Beschlossen wurde der Antrag, dass die Schleswig-Holsteinischen Volkszeitung einen jährlichen Geschäftsbericht herausgeben solle. Verschiedene andere Anträge zur Zeitung wurden abgelehnt.
Die Mitglieder aus Kiel wählten die Mitglieder der Preßkommission.
Die Kassenprüfer stellten die tadellose Buchführung fest. Die Agitationskommission wurde entlastet.
TOP 3: Kommunalwahlen
Heinrich Ströbel referierte über Probleme mit dem Wahlrecht und schlug vor, dass sich Orte zusammentun sollten, in denen es aussichtsreich sei, bei der Kommunalwahl 1900 Vertreter in die Gemeindevertretungen zu bringen.[2]
Nach der Aussprache wurde der Antrag abgelehnt, sich bei der Wahl überall zu beteiligen - egal, wie die Aussichten seien. Ein weiterer Antrag mit der Forderung nach einem gemeinsamen Kommunalwahlprogramm wurde angenommen. Zur Ausarbeitung des Programm wurde eine Kommission gewählt:
- Krause, Elmshorn[4]
- Heinrich Ströbel, Kiel
- Hinsche, Lägerdorf[5]
- Wilhelm Brecour, Kiel
- Jacobsen, Langenfelde[6]
TOP 4: Arbeiterkongress 1900
Carl Legien referierte mit folgenden Schwerpunkten:[2]
- Bedeutung der internationalen Arbeit
- Geschichte der internationalen Arbeiterkongresse
- Sozialismus vs. Anarchismus
- Revolution vs. Reform
- Bedeutung der persönlichen Kontakte und des Gedanken des Friedens
Die Provinz könne zwei Delegierte entsenden, die danach berichten sollten.

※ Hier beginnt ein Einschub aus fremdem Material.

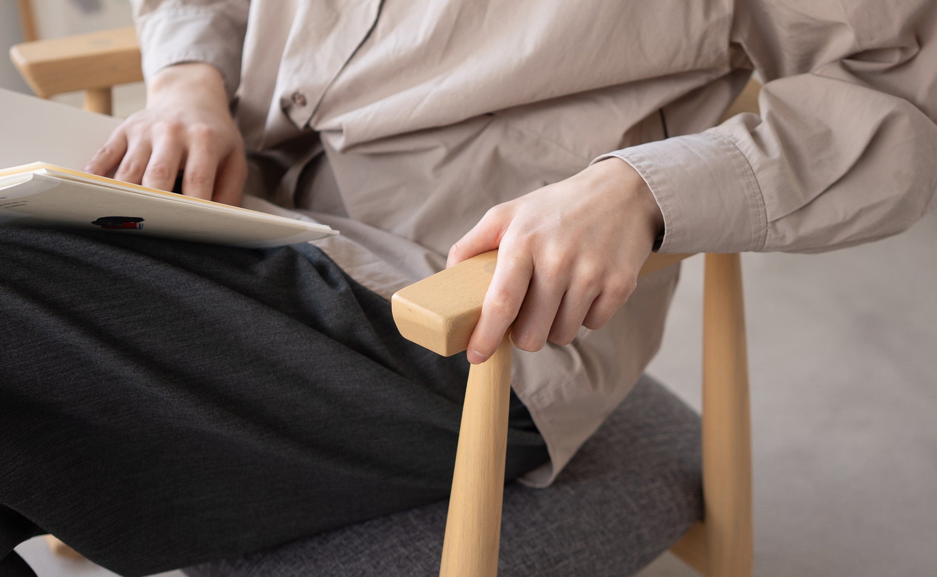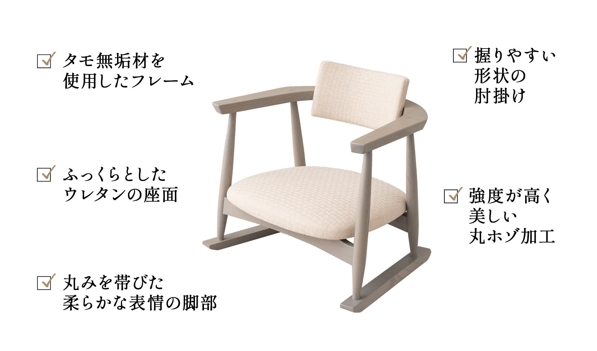 幅広の肘掛けは、掴みやすく、立ち上がる際に力を入れてもグラつかない安心設計。タモ材を使用しているので、肌触りが良いなめらかな仕上がりです。

Es folgte eine Aussprache. Als Delegierte wurden Carl Legien und Heinrich Ströbel gewählt.
TOP 5: Anträge
Der Parteitag fasste folgende Beschlüsse:[2]
- Beschluss: Der Norddeutsche Volkskalender soll spätestens ab Ende September verbreitet werden.
- Beschluss: Der Norddeutsche Volkskalender soll in Kiel produziert werden.
- Überwiesen an die Agitationskommission: Das Fürstentum Lübeck soll viermal im Jahr mit Agitationsmaterial versorgt werden.
- Abgelehnt: An jeder Sitzung der Agitationskommission soll eine Person aus jedem Wahlkreis teilnehmen.
- Beschluss: Provinzial-Parteitage sollen ab jetzt jährlich stattfinden.
- Überwiesen an die Agitationskommission: Einer Beschwerde aus dem 8. Wahlkreis (Altona, Stormarn) soll nachgegangen werden.
Nach einem Schlusswort von Heinrich Lienau endete der Parteitag um 20 Uhr mit einem donnernden Hoch auf die internationale sozialdemokratische Bewegung und der ersten Strophe der Arbeiter-Marseillaise.
Einzelnachweise
- ↑ 1,0 1,1 1,2 1,3 1,4 1,5 1,6 1,7 Parteitag, Hamburger Echo, 12.9.1899, Seite 5
- ↑ 2,0 2,1 2,2 2,3 Parteitag, Hamburger Echo, 13.9.1899, Seite 5
- ↑ Osterroth, Franz: 100 Jahre Sozialdemokratie in Schleswig-Holstein. Ein geschichtlicher Überblick (Kiel o. J. [1963]) Seite 45
- ↑ Hermann Krause, Vorsitzender der SPD Elmshorn um 1890, nicht Julius Krause, der aus Kiel kam.
- ↑ Schneidermeister; nichts Näheres ermittelt.
- ↑ Vermutlich Mitglied der Hamburger Parteiorganisation.